Figure 1: Correlation of wavelet evaluation metrics (UCR datasets)
In Figure 1, green indicates strong correlation and red indicates weak correlation. The matrix is partitioned into multiple blocks generated by clustering on wavelet metric values.
You can see both red and green blocks. Diagonal blocks represent clusters, where datasets tend to be more similar (greener) internally. Off-diagonal extensions show cross-cluster similarity; many of these regions are dominated by red, though some are mixed. Overall, inter-cluster correlation is relatively low, which matches the expectation that different datasets prefer different wavelet kernels. The next question is whether learned wavelet weights exhibit the same behavior.
Baseline
The baseline does not train a wavelet; it directly uses the strongest default wavelet.
Method 1: Learnable Wavelet Kernel Training
To train wavelet transforms end-to-end, we need a differentiable implementation.

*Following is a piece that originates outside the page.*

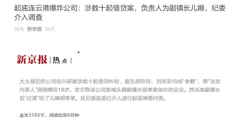 媒体查询“天眼查”发现,涉事企业连云港宏兴研磨材料有限公司成立于2006年1月,注册资本500万元,位于连云港市赣榆区城头镇黄墩村,主要从事加工并销售石英砂和硅微粉,公司法定代表人是胡玲玲。因多起案件未履行已生效判决,该公司被法院公示为失信公司。
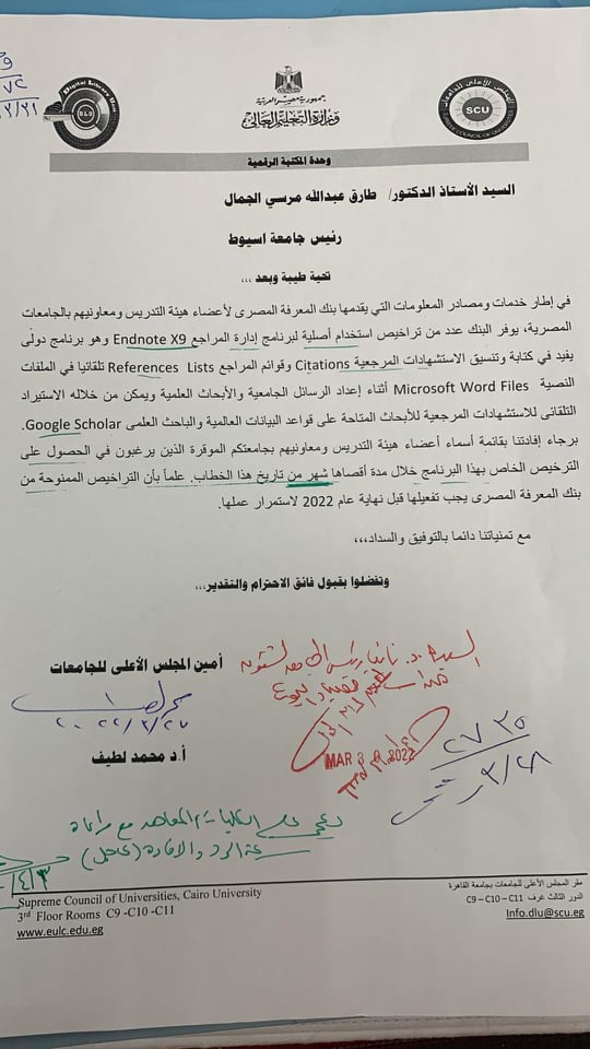 تحت رعاية الاستاذ الدكتور / طارق الجمال رئيس جامعة اسيوط والاستاذ الدكتور / احمد المنشاوى نائب رئيس الجامعة لشئون الدراسات العليا وبالتعاون مع المجلس الاعلى للجامعات وبنك المعرفة المصرى سوف يتم توفير نسخ مجانية لبرنامج End Note X9 فعلى من يرغب فى الاشتراك للحصول على نسخة من البرنامج ، يرجى الدخول على هذا الفورم وتسجيل بياناته ..

Common PyWavelets is not directly suitable here because its DWT is not implemented in PyTorch or TensorFlow. I implemented a differentiable DWT class in PyTorch following my earlier approach (link).
With differentiable wavelets, we can train per dataset. First, I ran a basic experiment to test whether similar data can train similar wavelet coefficients, with reconstruction-related losses. I used synthetic datasets (with explicit patterns like periodic or abrupt signals) and performed clustering on learned coefficients:

Figure 2: Inter-group vs intra-group similarity of wavelet coefficients (random initialization)
Each dataset used a learnable wavelet of length 8 with random initialization. In Figure 2 (left), intra-group and inter-group similarity distributions are almost indistinguishable. In the clustering view (right), samples from the same synthetic dataset do not cluster together. This suggests many local minima in the learnable-wavelet objective. I then repeated experiments on real UCR datasets and clustered learned coefficients with PCA and t-SNE (multiple runs per wavelet-dataset pair):

Figure 3: Clustering visualization (FFT clustering means clustering after Fourier transform of wavelet coefficients)
Many related datasets still do not cluster together, and the clustering result changes across repeated runs. So I repeated the experiment many times and plotted two example datasets:

Figure 4: Results from 15 learnable-wavelet runs
All 15 runs converged to different learned kernels. Note that high-pass and low-pass filters appear mirrored because I used a QMF construction, so orthogonality is enforced by design instead of training both filters independently. Next, compare intra/inter similarity for wavelet-dataset pairs:

Figure 5: Intra- vs inter-similarity for wavelet-dataset pairs
Most intra-similarity values concentrate near 0 with a mean around 0.3. The box plot shows intra-similarity is only slightly higher than inter-similarity. So the hypothesis “same data produces the same learned wavelet coefficients” is not supported under random initialization. The key factor appears to be initialization. To test this, I initialized all datasets with db4 and retrained:

Figure 6: Clustering with db4 initialization
Now similar datasets do cluster together. Moreover, variance across 15 runs per dataset is exactly zero:
ACSF1: mean_dist=0.0000, std=0.0000
Adiac: mean_dist=0.0000, std=0.0000
ArrowHead: mean_dist=0.0000, std=0.0000
BME: mean_dist=0.0000, std=0.0000
Beef: mean_dist=0.0000, std=0.0000
BeetleFly: mean_dist=0.0000, std=0.0000
BirdChicken: mean_dist=0.0000, std=0.0000
CBF: mean_dist=0.0000, std=0.0000
......
The learned parameters are effectively identical. This means initialization almost completely determines the final solution. But in practice, this brings us back to predefined wavelets as initial weights. Another issue: all kernels here have length 8, forcing some datasets that prefer shorter wavelets to use long ones. To address this, I tried competitive learning:
models = init_model(num = n)
for data in datasets:
min_loss_model = get_min_loss_model(data, model) # choose the model with the minimum loss at each step
min_loss_model.train(data)
This training strategy avoids the final clustering step, allows control over prototype count, and supports custom initial lengths per wavelet. I trained n wavelets with specified lengths and random initialization. Results (dataset names such as ACSF1, Adiac, etc.):
Training Final Assignments by Filter Length
| Model | Filter Length | Datasets Assigned | Final Wins (Ep. 499) |
|---|---|---|---|
| Model 0 | 4 | 1 | 876 |
| Model 1 | 8 | 83 | 1278 |
| Model 2 | 12 | 1 | 984 |
| Model 3 | 16 | 0 | 1123 |
| Model 4 | 20 | 27 | 1227 |
Dataset Assignments
Model 0 — Length 4 (1 dataset)
ACSF1
Model 1 — Length 8 (83 datasets)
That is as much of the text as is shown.